# Bumper Boy ammo question



## TG Lewis (Apr 24, 2006)

Anyone using the nail gun type ammo (crimped ends) in the BB's and if so, are there any adverse effects? Seems that the yellow loads are the same and the only difference I saw was the crimped ends.


----------



## Kyle B (May 5, 2005)

I use the green ones. Buy them from Home Depot. No problems to report.


----------



## badbullgator (Dec 20, 2004)

I only use the crimped loads, green, yellow and brown. I do not use the red although I have, they have just too much power and I am afraid that they will dammage the BB.
$5 at Home Depot vs $8-10 for the others form BB, Gun Dog supply, Dogs afield....


----------



## lablover (Dec 17, 2003)

As stated above the crimped loads will work fine. I also use the green loads from Lowes/Home Depot, about 5.00 per box of 100.
They will occasionally split a case, making extraction difficult, so I keep a small pair of pliers in the box.
Sometimes you will get a blooper load, meaning that the bumper does not go very far. If you get a bunch of those, I suggest you clean out the channel where you insert the load, with a .22 cal wire bronze brush with some Hoppes' cleaner on it. 
I use yellow loads occasionally, and have had no problems with those either.


----------



## Keith Stroyan (Sep 22, 2005)

*crimps*

I have fired 1000 or so thru my BBs with no known ill effect.

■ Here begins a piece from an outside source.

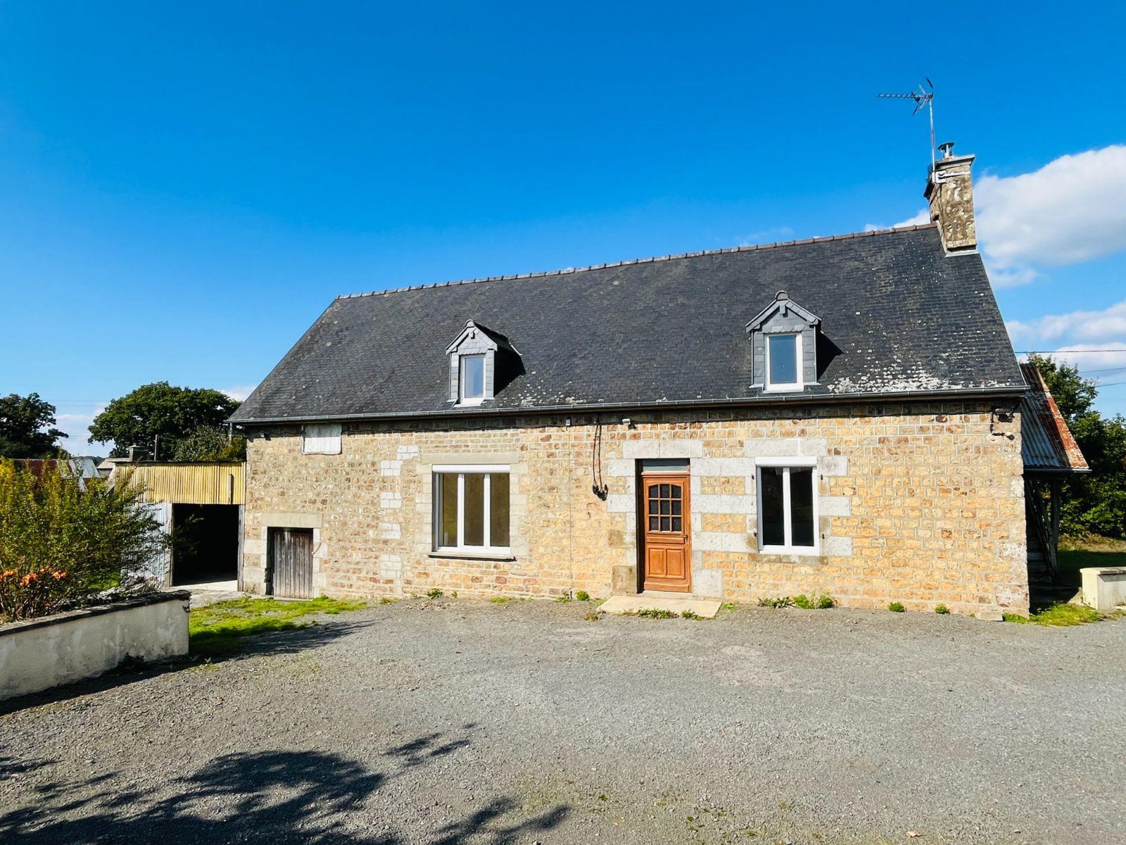 A vendre sur la commune de Le Mesnil-Rainfray, à 5 minutes de Juvigny-les-Vallées et à 15 minutes de Saint-Hilaire-du-Harcouët, en campagne dans un environnement calme au fond d'une impasse, maison en pierres sous ardoises de 71 m² habitables, comprenant :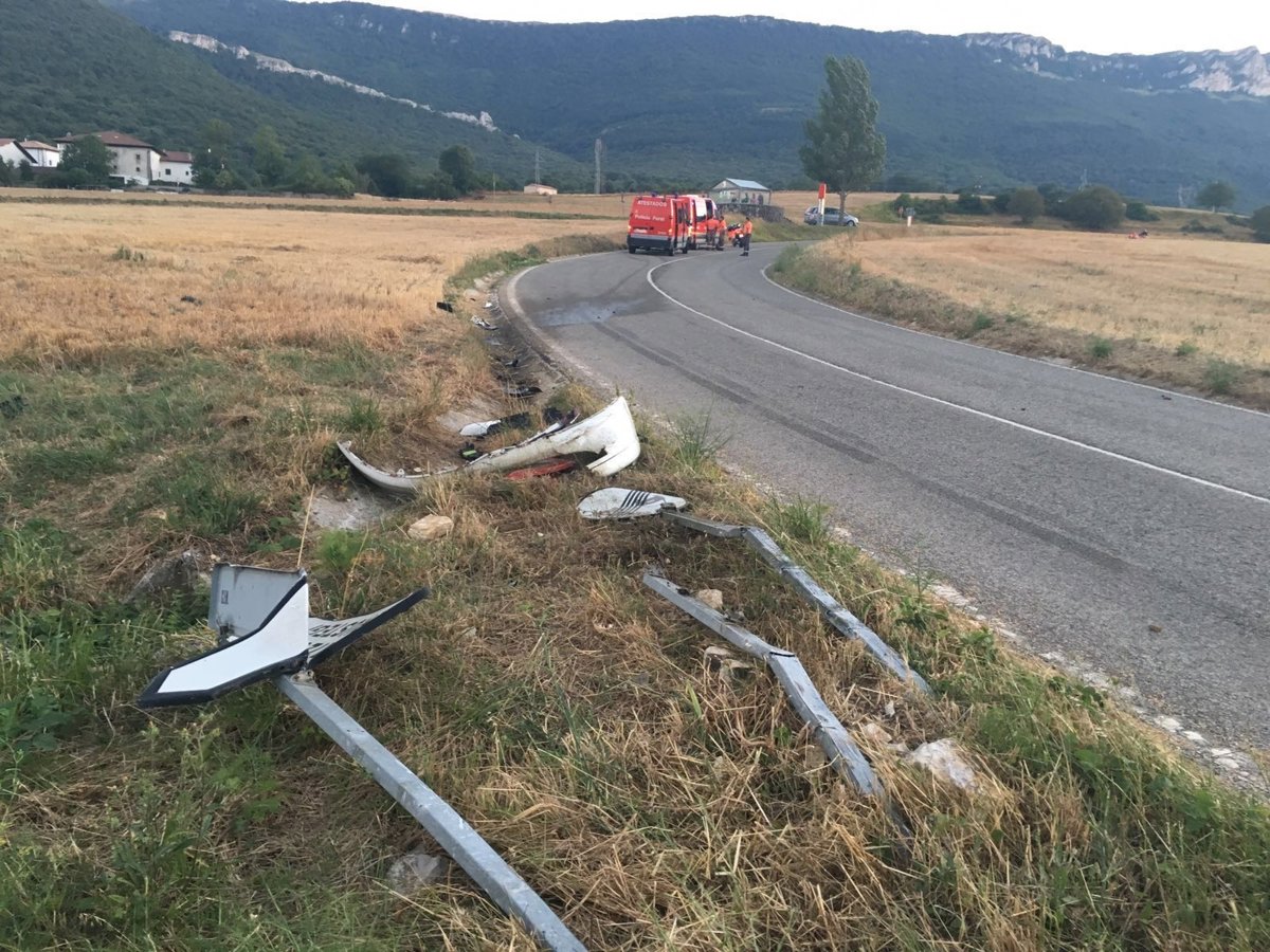 Mientras una patrulla de Seguridad Vial de la Policía Foral acudía al lugar, eran alertados nuevamente con motivo de un accidente en el kilómetro 3,400 de la NA-2410 (Barranca). Se trataba de una salida de vía con el resultado de daños materiales en el vehículo y en varios elementos de la vía.

I like brown and green. Longer throws make for complicated triples.


----------



## TG Lewis (Apr 24, 2006)

Appreciate the replies and PM's...

Thanks again


----------



## KEukaFlyer (Oct 7, 2005)

I use the crimped ones since my original ones ran out. I see very little difference...maybe a little more power??? I don't use the red ones since it tends to knock the unit over...which usually I don't see since its hidden behind something until I launch the second one into the ground and see my BB launch itself through the air...

Doesn't bother the launcher too much but the dog sure gets excited. 

The launchers themselves seem to be pretty durable.

(I have two Derby Doubles)


----------



## Polock (Jan 6, 2003)

Over 3000 rounds through my two 4 shooters with yellow crimped loads from Lowe's..........no problems to report...........


----------



## TG Lewis (Apr 24, 2006)

Thannks again


----------



## NateB (Sep 25, 2003)

I can no longer find the red loads at Home Depot, do they not make them any more? I mostly use green and yellow, the browns when working around too many houses, but like to use the red once in a while for really big throws, or throwing over cover into water for example.

Can anyone still find them?

Nate


----------



## badbullgator (Dec 20, 2004)

Yeah. They changed the packaging on them but they are still in the same place at my HD


----------